Semantic Segmentation with Deep Learning (Michael Cosgswell)

Building High-Level Object Vocabularies (Jacob Dennis)

Application of Selective Search to Pose Estimation (Ujwal Krothapalli)

Making Intelligent and Interpretable Classification Systems (Shrenik Lad)

Towards Cascade Object Detection (John Peterson)

Person of Interest in Images (Clint Solomon)

Understanding Predictions of Structured Probabilistic Vision Systems (Qing Sun)

Improving Image Segmentation using Object Proposals (Sean Thweatt)

Understanding and Predicting Importance for Abstract Images (Ramakrishna Vedantam)

Improving SIFT Matching by Interest Points Filtering (Rabih Younes)

Salient Superpixels (Jason Ziglar)

Improving DPM accuracy with Component Selection Strategy (Peng Zhang)

Course overview:

This is a graduate course in computer vision. The focus of this course is to survey and critique current and state-of-the-art approaches in computer vision. We will read and analyze the strengths and weaknesses of research papers on a variety of important topics pertaining to visual recognition and identify open research questions. See the schedule for a list of topics we will cover.

Pre-requisite:

An introduction to computer vision or equivalent course. A machine learning or pattern recognition course may be beneficial.

Requirements:

Following are the requirements to successfully complete this course:

Discussion Paper reviews Presentations Project

Discussion (15% of your grade): Students will be required to read the assigned papers before each class and actively participate in discussions in class.

Paper reviews (25% of your grade): Students will be required to write a detailed review of one assigned paper and a high-level review of another assigned paper before each class. The combined reviews should be not more than one page (11 point, times new roman, 1 inch margins). Please submit the review as firstname_lastname_MM_DD.pdf (all in small letters, where MM is the month and DD is the day).

Detailed review: Each review should summarize the paper in 2-3 sentences, describe the approach taken, and clearly identify the main contribution of the paper. The review should describe the strengths and weaknesses of the paper. Comments on how convincing the experiments were, if the material was well presented, and how the paper can be improved and extended should be included. A good review also comments on how the paper relates to other papers we have read or you know of. Finally, identify any interesting open research questions or applications that arise from reading the paper.
High-level review: Describe the problem being addressed and provide a high-level description of the general approach or intuition behind the approach. Details of the approach, discussion of strengths and weaknesses, etc. are not required.
Due dates: The reviews should be emailed to the instructor by 12:00 pm (noon) the day of the class (i.e. on Tuesdays and Thursdays). You can use upto 3 late days over the course of the semester. Beyond that, your submission will not be accepted. You need not submit paper reviews during the classes where you are presenting the papers (see below).

Presentations (25% of your grade): Each student will be asked to present the topic associated with a class 2 or 3 times over the course of the semester (number will depend on class enrollment). Each presentation should be 45 minutes long. Students should practice their talks ahead of time to make sure they are 45 minutes long -- not shorter by more than a few minutes, and certainly not longer. The talks should be well organized and polished. Following will be required to prepare the presentation.
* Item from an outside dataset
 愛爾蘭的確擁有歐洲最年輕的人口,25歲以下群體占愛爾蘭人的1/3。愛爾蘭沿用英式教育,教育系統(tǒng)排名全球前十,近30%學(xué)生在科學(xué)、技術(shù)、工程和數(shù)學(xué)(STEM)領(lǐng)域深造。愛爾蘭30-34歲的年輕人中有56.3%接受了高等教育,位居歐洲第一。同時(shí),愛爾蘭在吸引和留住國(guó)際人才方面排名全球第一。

Papers (65% of the presentation grade): The student should read the assigned papers and other background papers to gain a good perspective on the topic as a whole. In addition to presenting this perspective and background information, students should present at least two papers in detail. For each paper, students should clearly state the problem statement, and motivate why the problem is interesting and important. The key technical ideas should be presented. The student should describe the experimental set-up and present the results obtained. The strengths and weaknesses of the paper should be discussed. The student should discuss how the different papers relate to each other (similarities and differences). Finally, interesting open research questions should be identified. The slides should be made as visual (with videos, images, animations) and clear as possible. The student should look at the links provided next to each paper, as well as the authors webpages for extra material such as slides, videos, extra results, etc. Students are encouraged to search for relevant material online, the links provided here are not comprehensive. Please clearly cite the source of each slide that is not your own. Even if you use slides made by the author, it is your responsibility to make sure your presentation as a whole flows well.
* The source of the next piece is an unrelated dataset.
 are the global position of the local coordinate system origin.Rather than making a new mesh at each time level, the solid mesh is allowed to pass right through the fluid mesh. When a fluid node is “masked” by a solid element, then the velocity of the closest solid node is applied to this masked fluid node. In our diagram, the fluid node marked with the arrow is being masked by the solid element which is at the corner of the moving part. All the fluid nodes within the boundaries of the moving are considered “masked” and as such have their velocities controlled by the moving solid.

Experiments (35% of the presentation grade): The student should also conduct some (small-scale) experiments on at least one of the papers (any of those listed or other relevant papers) to analyze an interesting and meaningful aspect of the approach that the paper has not analyzed (e.g. different datasets, sensitivity to any parameters in the approach, etc.) to gain a more complete understanding of the paper, and to see if the approach "really works". A distilled demo-version of the main idea of the approach presented in the paper should be implemented. The goal is not to regenerate the results already present in the paper. You may implement it yourself, or download code if available. Again, the experimental setup, any non-trivial implementation choices you made, results obtained and conclusions one can draw from them should be described in the presentation (within the 45 minutes). Please cite any existing code or data you use for your experiments.

Announcement: please email the instructor 6 topics preferences (along with the associated date) for your presentations by the end of the day Wednesday, January 22nd. See the schedule for the semester.
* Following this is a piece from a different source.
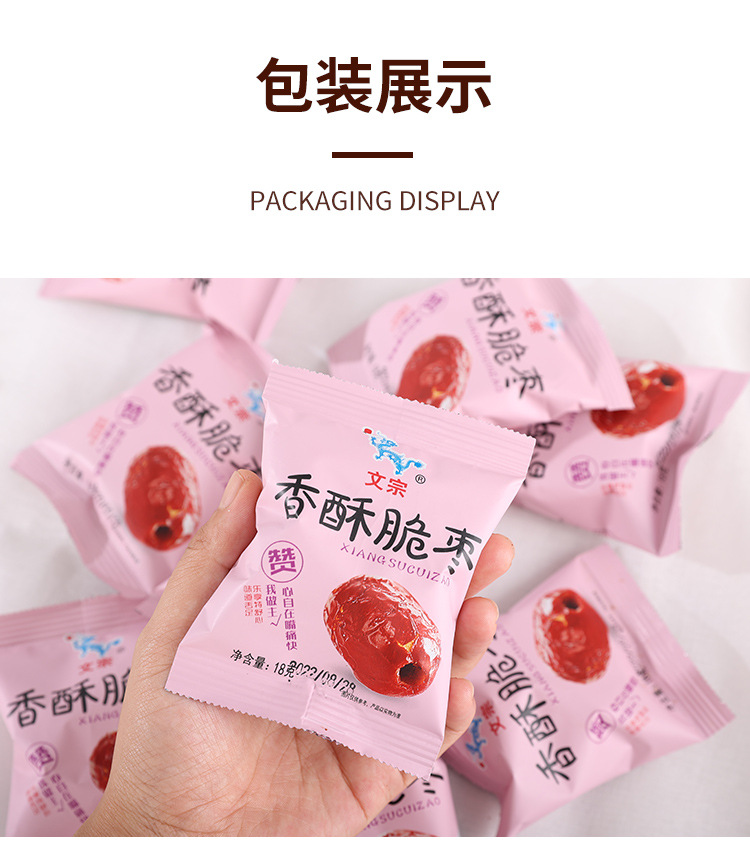 メーカーが提供している香ばしいナツメの年間間食18gのショートニングナツメのばら積独立包装は核のないサクサクしたナツメである

Project (35% of your grade): Your project can be about extending a technique we studied in class, or empirically analyzing it. Comparisons between two approaches are also welcome. It is wonderful if you design and evaluate a novel approach to an important vision problem. Look at the schedule to get ideas on what topics might be of interest to you for your project. Perhaps the experiments part of your presentation above might give you project ideas. Be creative! If you need help with ideas for your project please come talk to me. You can work with a partner if you like. The following are deliverables for your project.

Proposal (10% of your project grade, due March 6th): A 1-page description that describes the following:

Problem statement: Clearly state the goal of your project.
Related work: Briefly describe existing related work (with citations) and what your project brings to the table that these other works do not. The most relevant papers may not necessarily be papers listed on the schedule, so be sure to also look beyond the list.
Approach: Describe the technical approach you plan to employ
Experiments and results: Describe the experimental setup you will follow, which datasets you will use, which existing code you will exploit, what you will implement yourself, and what you would define as a success for the project. If you plan on collecting your own data, describe what data collection protocol you will follow. Specify if you plan on experimentally analyzing different characteristics of your approach, or if you will compare to existing techniques. Provide a list of experiments you will perform. Describe what you expect the experiments to reveal, or what is uncertain about the potential outcomes. If you have any preliminary results, please summarize those as well.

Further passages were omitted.